2016 NGWA Groundwater Summit

A Proposed Approach to Sustainable Groundwater Extraction Based on Surface Water-Groundwater Interaction

Monday, April 25, 2016: 11:00 a.m.
Platte River Room (The Westin Denver Downtown)
Michael Tietze, PG, CEG, CHG , Jacobson James & Associates, Roseville, CA, United States
Bob Abrams, PhD , Consulting Hydrogeologist, San Carlos, CA
Jeff Harvey, PhD , Harvey Consulting Group, LLC, Gold River, CA

Understanding the interaction of interconnected groundwater-surface water systems is fundamental to sustainable water resources management; however, surface and groundwater management decisions must address fundamentally different issues and time frames. Surface-water management must respond to short-term climatic variations, flood control, streamflow requirements, and changes in water demand and availability. Groundwater systems typically respond to recharge and extraction over decades or longer, requiring longer-term management decisions. We present an approach to groundwater management based on management zones that recognize the physics of surface water-groundwater interaction, but honors these inherently different management requirements. Examples are provided for the Stanislaus, Tuolumne, and Colorado Rivers in California.

The amount and timing of streamflow depletion depends on pumping rate and duration, well location relative to the stream, aquifer diffusivity, streambed conductance, and vertical flow impedance within the aquifer system. These principles were used to develop proposed groundwater management zones around aquifer-connected streams by simulating extraction from theoretical wells at various depths and distances from the streams, under a range of stream and aquifer conditions. Simulations were carried out using STRMDEPL08, an analytical streamflow-depletion model developed by the USGS, and validated using existing numerical groundwater flow models constructed using the USGS MODFLOW code. Simulated surface water depletion by shallow wells near streams closely mimics applied pumping rates and timing, which supports groundwater management in tandem with surface water as is currently done in California for pumping from a “known and definite channel.” Pumping from greater distance or depth causes an attenuated hydrologic response in both amplitude and time. Groundwater management zones are thus proposed based on distance to the affected stream, depth of the well’s screen interval, and timing and duration of predicted streamflow depletion, considering the amount of seasonal and long-term streamflow depletion that is tolerable under existing ecological and water rights requirements.

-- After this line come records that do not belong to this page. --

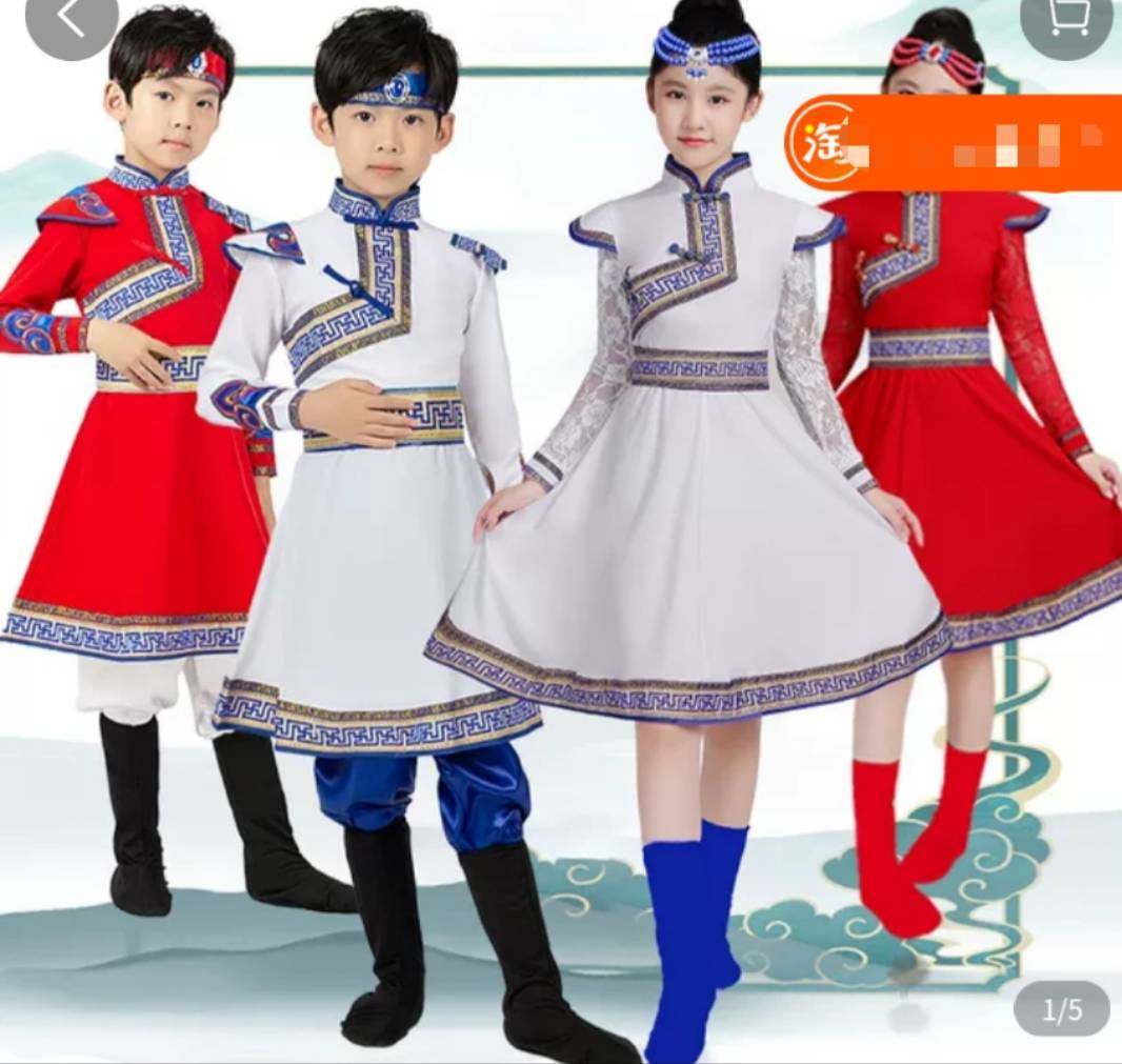 2026新款上市蒙古儿童演出服女鄂伦春族舞台裙少数民族服装学生男
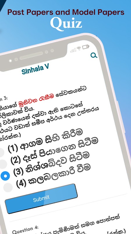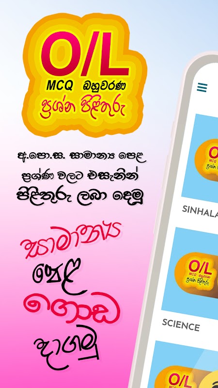 අ.පො.ස. සාමාන්ය පෙළ බහුවරණ (MCQ) ප්රශ්ණ සඳහා පිළිතුරු ලබා දී එසැනින් හරි වැරදි බලා ගැනීමේ පහසුව මෙම යෙදුම තුළින් ලබා දේ. පසුගිය ප්රශ්ණ පත්ර හා ආදර්ශ ප්රශ්ණ පත්ර බහුවරණ (MCQ) ප්රශ්ණ අන්තර් ගත වේ.
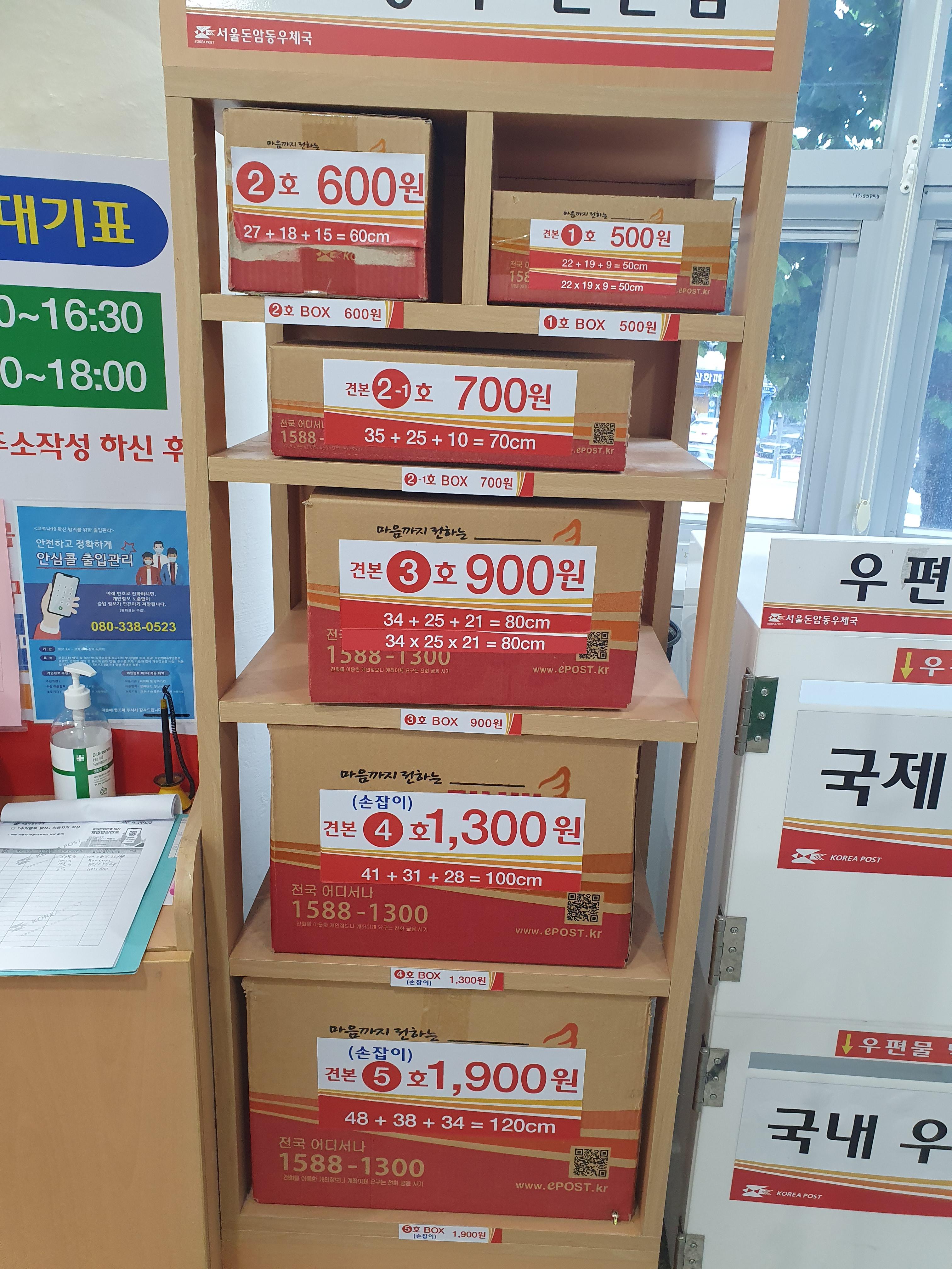 우체국 상자는 호수(크기)에 따라 가격이 다르다. (2024년 5월 15일 기준 가격)
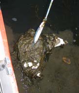 This mess only comes off with a sharp knife or deliberately palpating the slime. Granted, this anchor doesn’t have ideal Danforth proportions, but any anchor of this type seems to have trouble with dense weeds. I guess the shape of the flukes sort of funnel the weeds in.

Michael Tietze, PG, CEG, CHG, Jacobson James & Associates, Roseville, CA, United States
Mike Tietze has 30 years of experience managing groundwater resources, permitting, and environmental projects throughout California and the western U.S., primarily for the energy and municipal sector. His work has focused on water management studies, water supply investigations, and impact analysis for projects in arid, agricultural, and overdrafted basins.

Bob Abrams, PhD, Consulting Hydrogeologist, San Carlos, CA
Bob Abrams has more than 15 years of experience in the quantitative analysis of groundwater and vadose zone systems. He has addressed issues of water quality, agrochemical impacts, groundwater sustainability, enhanced recharge and aquifer storage, and water supply development.

Jeff Harvey, PhD, Harvey Consulting Group, LLC, Gold River, CA
Jeff Harvey has worked in environmental compliance for power, water, and mining projects in California for more than 25 years. He has expertise in the requirements of CEQA, NEPA, and related laws and regulations pertaining to water supply, water quality, land use planning, and natural resources conservation and management.